Give again, word for word, each line of the data from the first through the one containing "De acordo com". Pictures stay out.

(Stored data)

------------

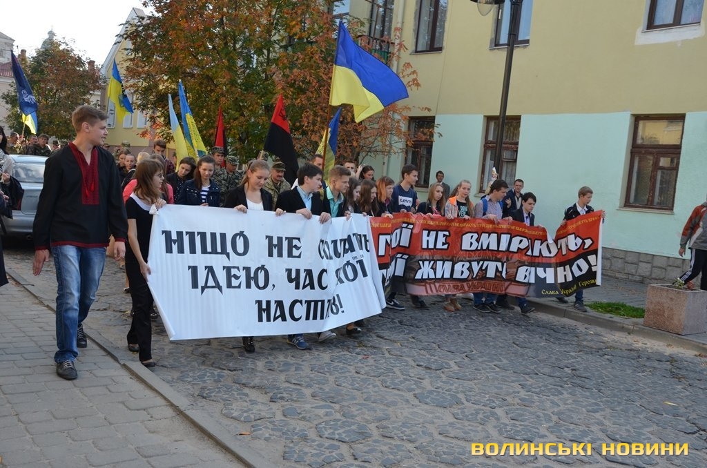Марш Героїв центральними вулицями міста відбувся сьогодні, 14 жовтня. Ходу приурочили до свята Покрови Пречистої Богородиці, до Дня українського козацтва та Дня створення Української Повстанської Армії. А також, згідно з Указом Президента України Петра Порошенка № 806/2014, тепер щорічно 14 жовтня в державі відзначатиметься День захисника України.
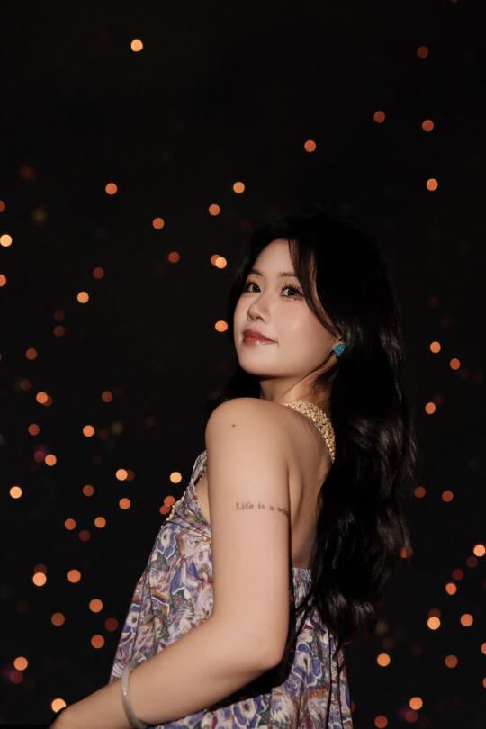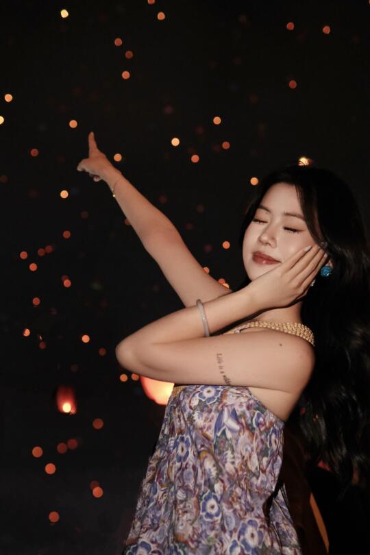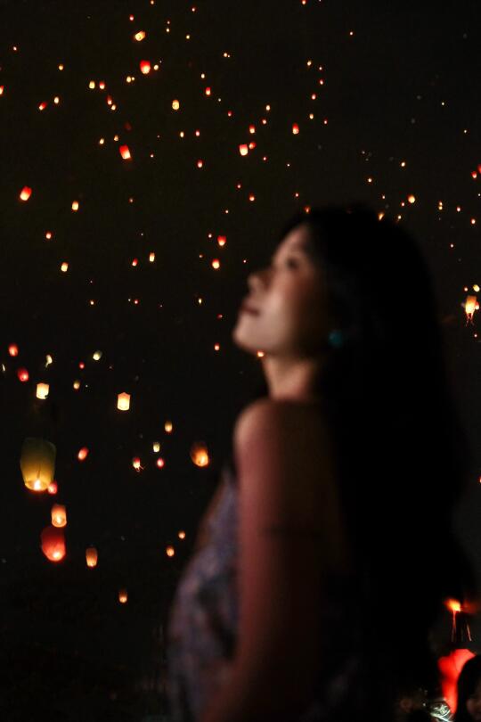 人和天灯各占一半,背后孔明灯作为背景前实后虚,暖黄色的天灯照亮脸部超有氛围感!
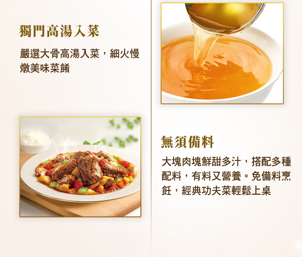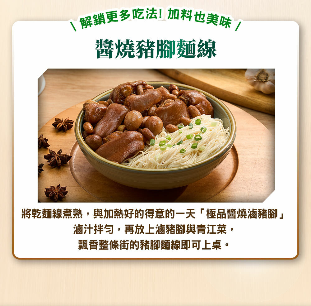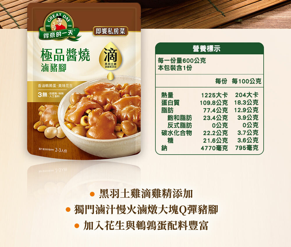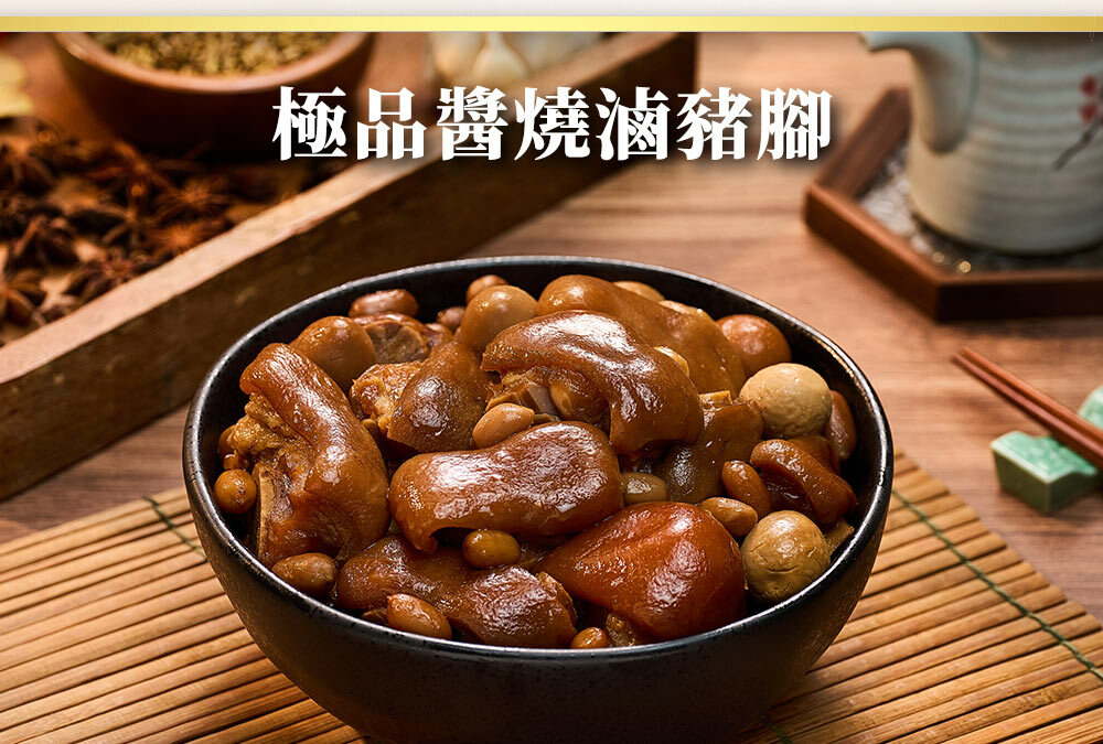 | 成分/內容物 | 豬腳、高湯滷汁{水、醬油、高湯[濃縮豬骨高湯(豬骨、水)、滴雞精]、蔗糖、昆布抽出液[昆布抽出物(昆布、水)、糊精、食鹽、小麥水解蛋白、酵母抽出物]、食鹽、蒜、白胡椒、辣椒、五香粉(小茴香、肉桂、八角、胡荽、丁香) }、花生、鵪鶉蛋、芥花油、冰糖、紅蔥酥[紅蔥頭、芥花油、維生素E(抗氧化劑)]、玉米糖膠、維生素E(抗氧化劑) |
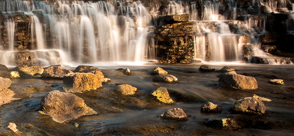 I agree Tom's comments to tone down brighter rock in the lower front. Even I would crop off lower down side part, because the front view too big to compare with water fall. Also I would tone down all the brighter rocks and more brighten the water falls. |
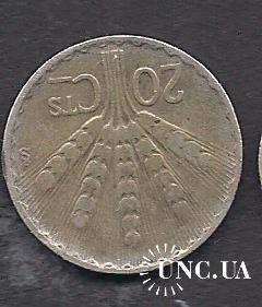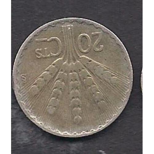 Оригиналмонета 20 цент, 1954 г., монета б/у не мытая, серебро, качество VF, стоимостью 40 грн., по каталогу Krause - 1,0 $.
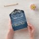 All in one wedding invitation featuring pretty string lights, a hand-drawn floral garland and chic typography on a blue rustic wood panels background. The invitation includes a perforated RSVP with your wedding website QR code and details. Designed by Thisisnotme©
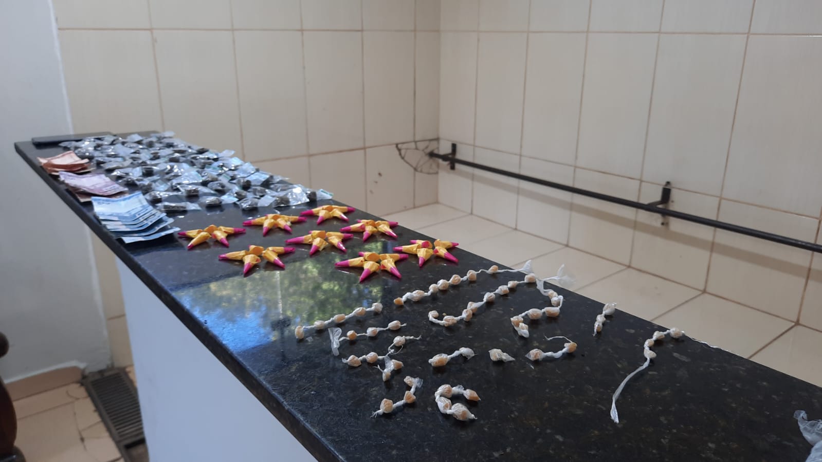 De acordo com informações, policiais do Rádio Patrulhamento avistaram V .H. S, de 20 anos. Ele estaria carregando uma sacola e tentou correr, mas foi detido. Na sacola foram encontrados R$ 62 ,00, 53 pedras de crack, um celular, 40 pinos de cocaína e 58 porções de maconha. O jovem foi encaminhado para a Central de Polícia Judiciária, onde foi autuado em flagrante por tráfico de drogas e recolhido ao Centro de Triagem.
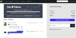 Don't feel bad. I've also grown accustomed to having GCs in my wishlist, just in case, and while I had one wishlisted and I've built a small cart with the required buy-ins, I'm not getting the extra 50% off for the gift card, meaning that gift cards were not supposed to be included in the sale from the beginning, most likely, and Daz has now fixed that. Still, would've been nice if Daz had included gift cards as items out of the sale in the fine print from the very beginning.
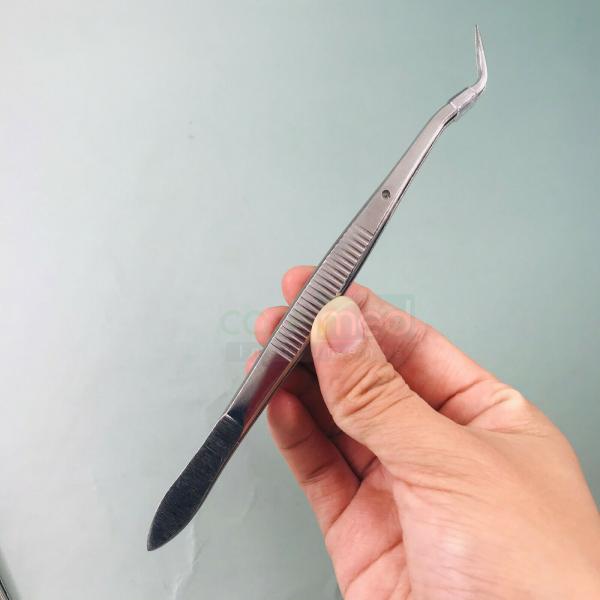 The tweezers are made of stainless steel and can withstand high temperature and high pressure disinfection. Shape is a common elbow design in the industry, which is convenient for clamping objects. During the production process, we polished the surface of tweezers to ensure that the surface of each tweezer is smooth and free of particle feeling. In the middle of the tweezers, we adopt anti-skid design to prevent the tweezers from falling off during operation.
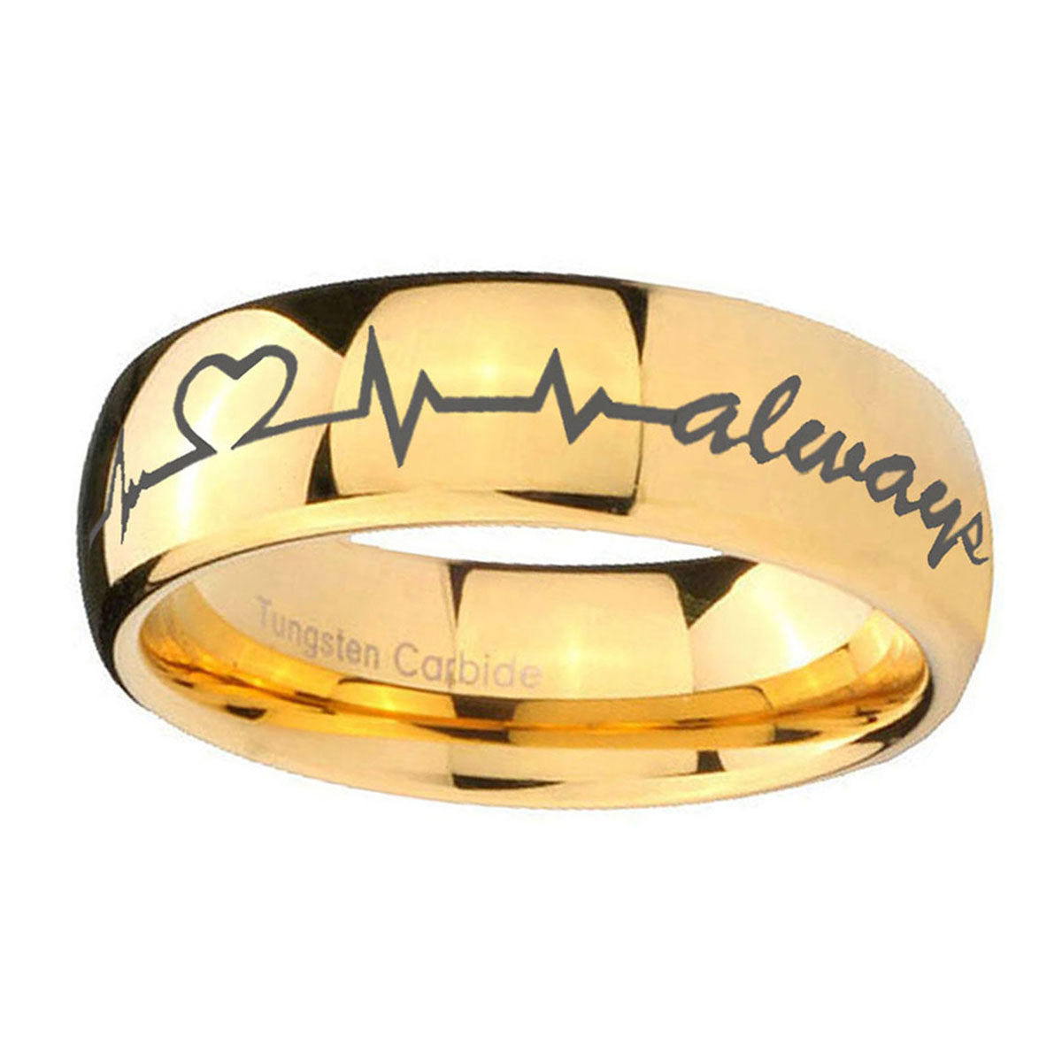Propose with the 10mm Heart Beat forever Heart always Dome Gold Tungsten Men's Engagement Band. This gold-finished tungsten ring with Heart Beat design is ideal for engagements.
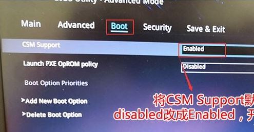 3、再切換到BOOT的選項,把CSM support由disabled改成enabled,開啟兼容模式,如下圖所示;

------------

Answer to this problem:
Марш Героїв центральними вулицями міста відбувся сьогодні, 14 жовтня. Ходу приурочили до свята Покрови Пречистої Богородиці, до Дня українського козацтва та Дня створення Української Повстанської Армії. А також, згідно з Указом Президента України Петра Порошенка № 806/2014, тепер щорічно 14 жовтня в державі відзначатиметься День захисника України.
 人和天灯各占一半,背后孔明灯作为背景前实后虚,暖黄色的天灯照亮脸部超有氛围感!
 | 成分/內容物 | 豬腳、高湯滷汁{水、醬油、高湯[濃縮豬骨高湯(豬骨、水)、滴雞精]、蔗糖、昆布抽出液[昆布抽出物(昆布、水)、糊精、食鹽、小麥水解蛋白、酵母抽出物]、食鹽、蒜、白胡椒、辣椒、五香粉(小茴香、肉桂、八角、胡荽、丁香) }、花生、鵪鶉蛋、芥花油、冰糖、紅蔥酥[紅蔥頭、芥花油、維生素E(抗氧化劑)]、玉米糖膠、維生素E(抗氧化劑) |
 I agree Tom's comments to tone down brighter rock in the lower front. Even I would crop off lower down side part, because the front view too big to compare with water fall. Also I would tone down all the brighter rocks and more brighten the water falls. |
 Оригиналмонета 20 цент, 1954 г., монета б/у не мытая, серебро, качество VF, стоимостью 40 грн., по каталогу Krause - 1,0 $.
 All in one wedding invitation featuring pretty string lights, a hand-drawn floral garland and chic typography on a blue rustic wood panels background. The invitation includes a perforated RSVP with your wedding website QR code and details. Designed by Thisisnotme©
 De acordo com informações, policiais do Rádio Patrulhamento avistaram V .H. S, de 20 anos. Ele estaria carregando uma sacola e tentou correr, mas foi detido. Na sacola foram encontrados R$ 62 ,00, 53 pedras de crack, um celular, 40 pinos de cocaína e 58 porções de maconha. O jovem foi encaminhado para a Central de Polícia Judiciária, onde foi autuado em flagrante por tráfico de drogas e recolhido ao Centro de Triagem.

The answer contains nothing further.